Here’s the algorithm at work on the sample problem, showing 9 employees at work at 2:00pm:

> (define arrivals   '(10 12 11 13 14 12  9 14 12 10))
> (define departures '(15 14 17 15 15 16 13 15 17 18))
> (marzullo arrivals departures)
9
14
14

If we change the hours for employee 2 to 12-15 and for employee 7 to 9-15, then there will be 10 employees present from 2:00pm to 3:00pm:

> (define departures '(15 15 17 15 15 16 15 15 17 18))
> (marzullo arrivals departures)
10
14
15

Marzullo’s problem runs in time O(n log n), due to the sort, and doesn’t depend on the number of hours each employee works. You can run the program at http://ideone.com/d8Qvo0.

Advertisement

Pages: 1 2

5 Responses to “Marzullo’s Algorithm”

  1. Rutger said

    In Python. Probably should have used the collections.Counter, but this will do.
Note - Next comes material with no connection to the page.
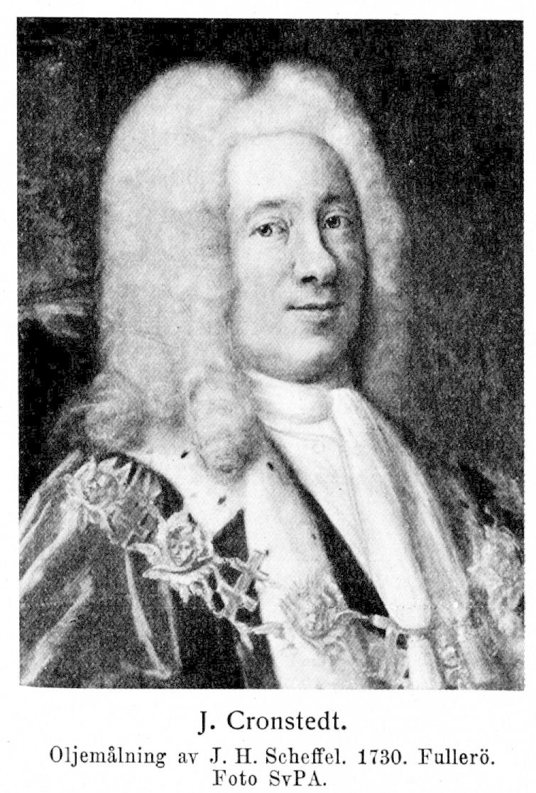 1. Jacob Cronstedt, före adlandet Olderman, greve och friherre till Fullerö och Almö i Barkarö socken, f. 23 nov. 1668 i Stockholm, d. 21 febr. 1751 därstädes. Föräldrar: handelsmannen och föreståndaren för tyska kyrkan i Stockholm Anders Olderman och Anna Gerdes. Student i Uppsala 3 mars 1679 (avlade studenteden 12 dec. 1695); adlad och adopterad på sin styvfaders Mårten Cronstedts adliga namn och nummer 18 mars 1693; bevistade riksdagarna 1693, 1713–14, 1720, 1723 och 1726–27 och var därunder bl. a. ledamot av sekreta utskottet 1713–14,: 1723 och 1726–27, av kontributionsdeputationen 1720, av deputationen angående kommerssakerna 1720 och av bankodeputationen 1723; företog en utrikes studieresa 1697–1701; hovjunkare 16 maj 1705; e. o. kammarherre 29 okt. 1712; ledamot av kommissionen för besiktning av stuterierna vid Kungsör och Strömsholm 20 nov.–23 dec. 1713; kammarherre 31 juli 1714; ordningsman i Uppsala län 29 juli 1718; v. landshövding därstädes 1719; landshövding i Kronobergs län 28 apr. 1719; friherre 23 maj 1719; riksråd 3 aug. 1727; ledamot av myntkommissionen 19 sept. 1727–febr. 1744 (ordförande), av deputerade angående hållskjutsen vid Fittja gästgivaregård 17 mars–10 sept. 1730 och av deputerade för granskning av landshövding G. Palmfelts och kommerserådet J. von Hökerstedts projekt rörande statsbristens fyllande 15 apr.–15 dec. 1730; greve 14 juni 1731; ledamot av deputerade för överseende av 1733 års förordning om mått och vikt 15 mars–14 maj 1737 och av kommissionen för överseende av tull- och accistaxorna 21 juli 1738–11 maj 1745. Hedersledamot av Vetenskapssocieteten i Uppsala 1729; KNO 1748; R o K av KMO 1748.
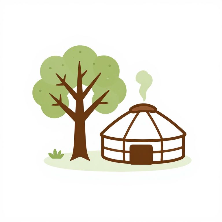 Cartoon-style drawing of a round yurt with a brown door and smoke rising, next to a green-leaved tree on a white background.

    arrivals = [10,12,11,13,14,12,9,14,12,10]
    departures = [15,14,17,15,15,16,13,15,17,18]
    
    counts_per_hour = [0]*(max(arrivals+departures)+2)
    
    for arrival, departure in zip(arrivals, departures):
    	counts_per_hour[arrival] += 1
    	counts_per_hour[departure+1] -=1
    print counts_per_hour
    
    number_of_events = 0
    for i,v in enumerate(counts_per_hour):
    	number_of_events += v
    	print 'At hour', i, ': the number of events is', number_of_events
    
    

    Outputs:
    At hour 0 : the number of events is 0
    At hour 1 : the number of events is 0
    At hour 2 : the number of events is 0
    At hour 3 : the number of events is 0
    At hour 4 : the number of events is 0
    At hour 5 : the number of events is 0
    At hour 6 : the number of events is 0
    At hour 7 : the number of events is 0
    At hour 8 : the number of events is 0
    At hour 9 : the number of events is 1
    At hour 10 : the number of events is 3
    At hour 11 : the number of events is 4
    At hour 12 : the number of events is 7
    At hour 13 : the number of events is 8
    At hour 14 : the number of events is 9
    At hour 15 : the number of events is 8
    At hour 16 : the number of events is 4
    At hour 17 : the number of events is 3
    At hour 18 : the number of events is 1
    At hour 19 : the number of events is 0

  2. matthew said

    Here’s some Javascript. Also an example of random intervals (possibly more like the NTP usage with less intervals with common start/end points).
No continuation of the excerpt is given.